Island of Pembrokeshire, Wales

Ynys Bery is a small island south of Ramsey Island, Pembrokeshire, Wales, in the community of St David's and the Cathedral Close.

== Etymology ==
The island's name in Welsh means falcon's Island, according to an 1852 book, but an earlier work of 1811 by Richard Fenton calls it the kite's island.

==History ==
Fenton, in 1811, describes the island, and its neighbour Ynys y Cantwr:
...with high craggy cliffs, producing a thick matted herbage mixed with scurvy-grass and the sea pink, affording pasture for a few sheep, and stocked with rabbits, puffins, elygogs, (Note: 'Elygogs' probably means guillemots.) gulls and other sea fowl.
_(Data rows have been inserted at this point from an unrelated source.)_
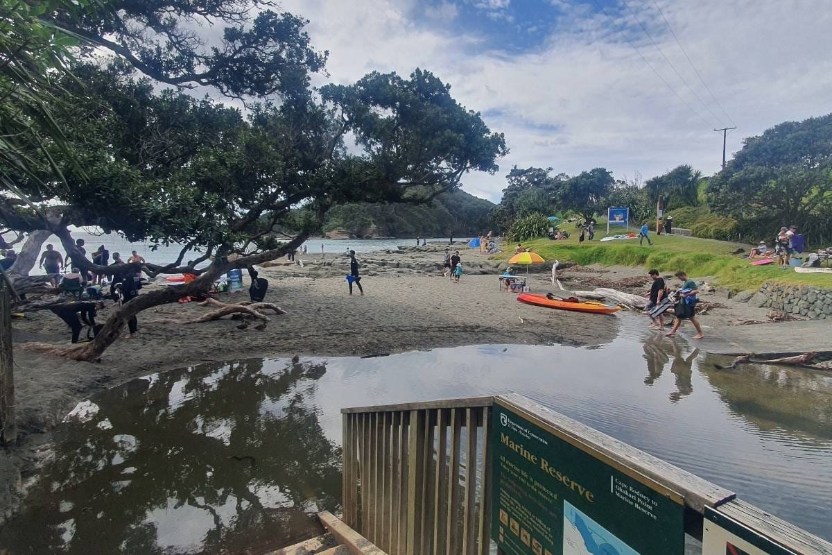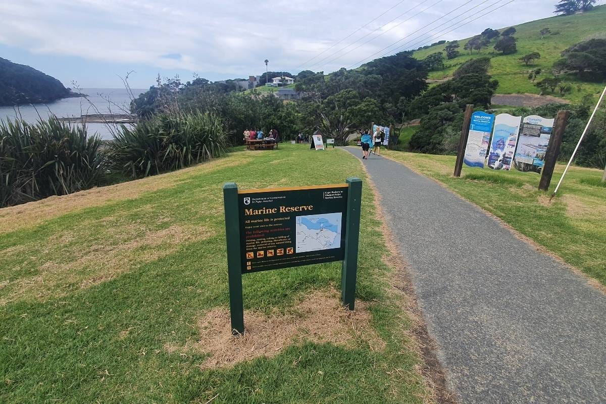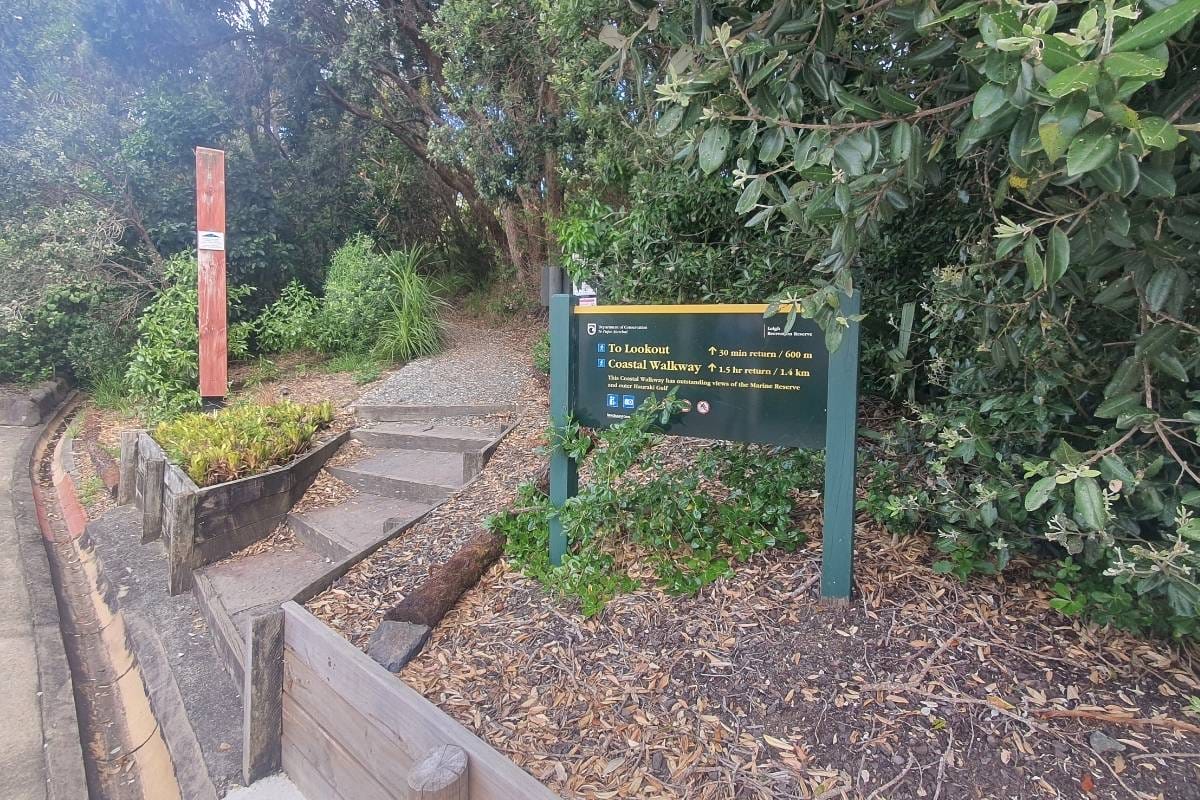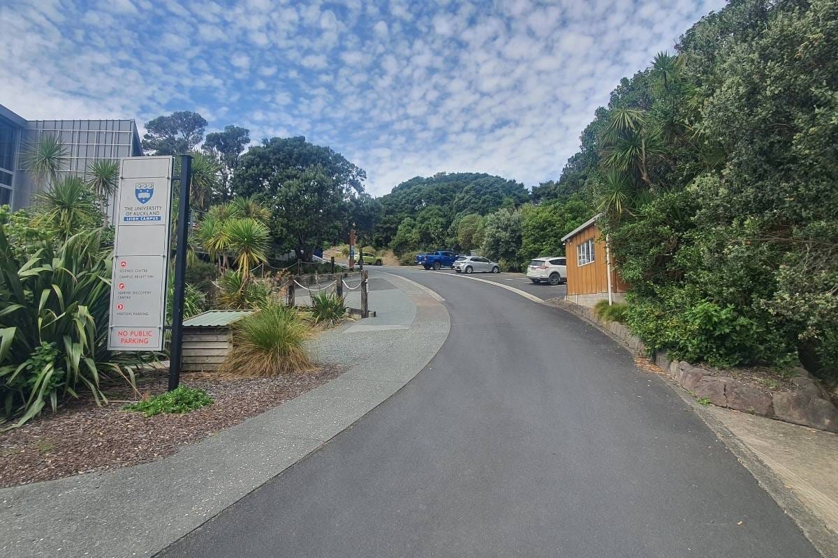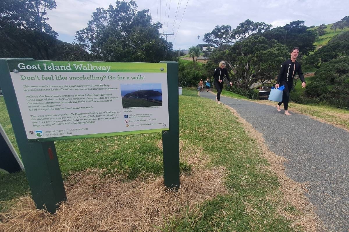 I start my walk at the main Goat Island car park, descending the hill and following the path toward the Auckland University Marine Laboratory, beginning at the signpost on the right side of the driveway.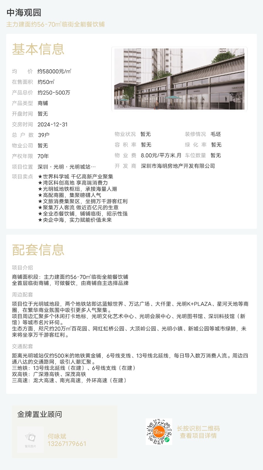 樓盤:中海觀園物業類型:商鋪戶型:1室面積:約50-50平米總價:約250-500萬聯系人:何詠斌聯系電話:13267179661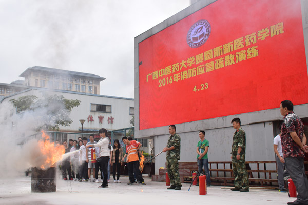 为进一步加强赛恩斯新医药学院消防安全管理“四个能力”建设,增强师生职工消防安全意识以及火灾自救互救能力,赛恩斯新医药学院于4月23日上午组织开展2016年春季学期消防应急疏散演练。赛恩斯新医药学院后勤保卫处、教务处、学工处、实验教学中心、食堂及物业工作人员、学生等1000余人参加本次演练,并邀请青秀区武警消防中队消防官兵前来指导。赛恩斯新医药学院叶绘晟副院长全程参加、指导演练活动。

In 1903, the S.S. Graffoe (a 2,996-ton steamship bound from Glasgow to Montevideo with 3,800 tons of coal) struck Ramsey Island and sank at the northern end of Ynys Bery. The wreck lies at a depth of 15 metres, and is one of many Pembrokeshire wrecks popular with divers.

==Geography==
Ynys Bery's highest point is 71 metres (233 feet), the highest of Wales's islets.

==Flora and fauna==
Together with neighbouring Ynys Cantwr, Ynys Bery is a breeding ground for lesser black-backed gulls. In the spring the island is covered with pale blue squill.